Тут в моей голове наступило просветление. Уже в следующую секунду я знала, что следует делать. Я сняла с шеи ключ на металлической цепочке и положила его на ладонь Фернандо.
— Возьми, — только я и сказала.
— Что это? — непонимающе спросил Фернандо, глядя то на ключ, то на меня.
— Изумруд — драгоценный камень, большой, с куриное яйцо. Родриго, тот человек, у которого была дурная кровь, сделал брошь с этим камнем, а дедушка однажды подарил ее мне. Она дорого стоит, больше, чем ты можешь себе представить, — так сказал мне дедушка. Он обещал, что этот камень будет охранять меня. Еще он сказал мне, чтобы я никому не говорила об этом камне, потому что в один прекрасный день он спасет мне жизнь. «Не давай его никакому мальчику, Малена, это очень важно», — говорил он мне. Я бы никому его не отдала, но тебе я могу его теперь подарить, чтобы ты понял, как сильно я тебя люблю.
Фернандо понадобилась пара секунд, чтобы осмыслить мои слова. Когда он поднял голову, чтобы посмотреть на камень, у меня создалось такое впечатление, что он не поверил ни одному моему слову.
— Это не брошь, — наконец сказал он неприятным голосом почти презрительно, — это ключ.
— Но это единственный ключ, который может открыть шкатулку, в которой хранится изумруд.
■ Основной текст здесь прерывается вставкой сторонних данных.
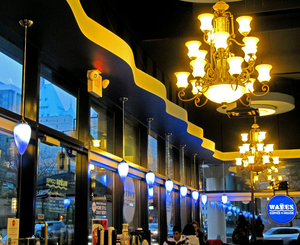Vancouver loves its coffee! It seems there are nearly as many coffee shops as there are people, and each of them seems to be doing good business. In a world where it's hard to tell one coffee shop from another, it's important to stand out from the pack. One franchise in Vancouver has set itself apart to be the first big-name coffee house to accept Bitcoins. The Waves downtown at Howe and Smithe is the most spacious location, and perhaps also the most progressive.
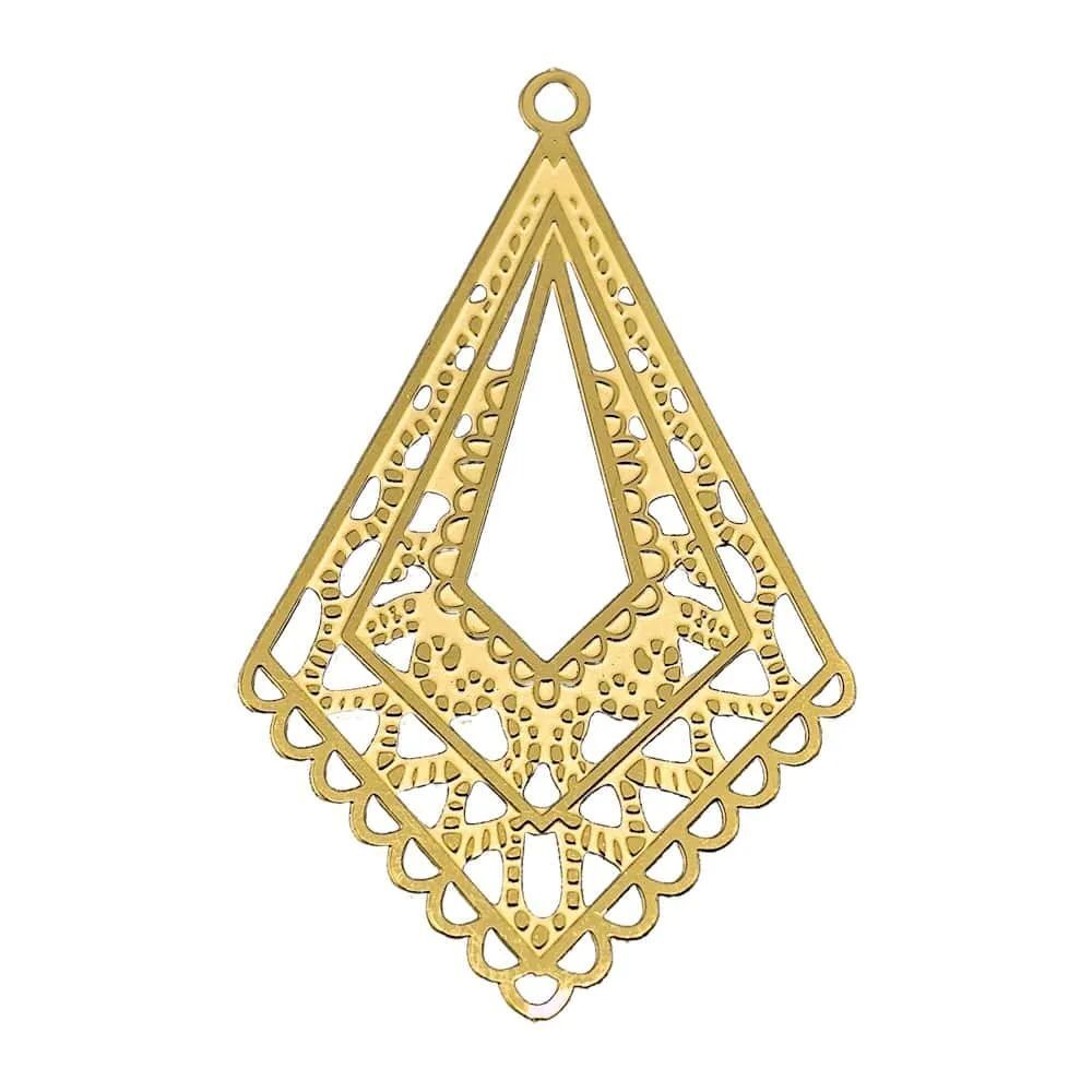 Add bold, bohemian flair to your jewellery designs with this Gold Stainless Steel Triangle Chandelier Pendant. Measuring 48x29mm, this lightweight yet durable charm features intricate cut-out detailing in a geometric triangle design, finished in a rich gold tone.

Я отдаю ключ тебе, что означает, что и изумруд твой. Не понимаешь?
— Ты действительно хочешь сделать что-то грандиозное для меня, Индианка? — спросил он, глядя мне в глаза, бросив ключ себе на колени.
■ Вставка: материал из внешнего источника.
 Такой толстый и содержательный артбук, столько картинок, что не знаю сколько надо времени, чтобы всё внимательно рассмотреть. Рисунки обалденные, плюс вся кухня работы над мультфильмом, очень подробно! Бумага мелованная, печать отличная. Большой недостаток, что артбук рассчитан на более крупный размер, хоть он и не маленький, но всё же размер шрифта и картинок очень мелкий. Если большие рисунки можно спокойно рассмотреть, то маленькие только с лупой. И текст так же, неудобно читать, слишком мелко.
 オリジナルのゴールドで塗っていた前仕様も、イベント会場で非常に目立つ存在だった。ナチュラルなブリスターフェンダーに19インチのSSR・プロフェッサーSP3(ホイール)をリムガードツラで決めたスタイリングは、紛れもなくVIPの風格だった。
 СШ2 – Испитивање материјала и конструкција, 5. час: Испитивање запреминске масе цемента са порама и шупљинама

— Конечно. Да! — кивнула я.
— Тогда разреши мне провести ночь в доме моего дедушки.
Стало очень тихо, я почувствовала себя плохо, а Фернандо смотрел на меня, ожидая ответа. При этом он, казалось, не видел никаких помех для исполнения своей просьбы. Теперь мне стало понятно, что Фернандо по-своему использовал меня, но это еще не было самым худшим.
Самым худшим было то, что все, что он со мной делал, мне нравилось.
* * *
Мы попрощались утром у черного входа, к которому он подвозил меня в первые дни нашего романа. Я увидела у Фернандо на брелоке в связке мой ключ, открывавший доступ к камню, который однажды спасет мне жизнь. Мы не сказали друг другу ни слова, даже: «Прощай!» Я чувствовала себя хорошо, очень хорошо, потому что он намекнул мне, что не хочет видеть, как я плачу, — вот я и не плакала. Когда мотоцикл выехал на дорогу, я осталась стоять на месте, плохо понимая, что должна делать, с этого момента я как будто стала лишней для Фернандо. Наконец я повернулась и побрела к дому, зашла на кухню, села за стол. Ни есть, ни пить совершенно не хотелось. Я все еще думала о Фернандо, когда увидела дедушкино отражение в стеклах серванта.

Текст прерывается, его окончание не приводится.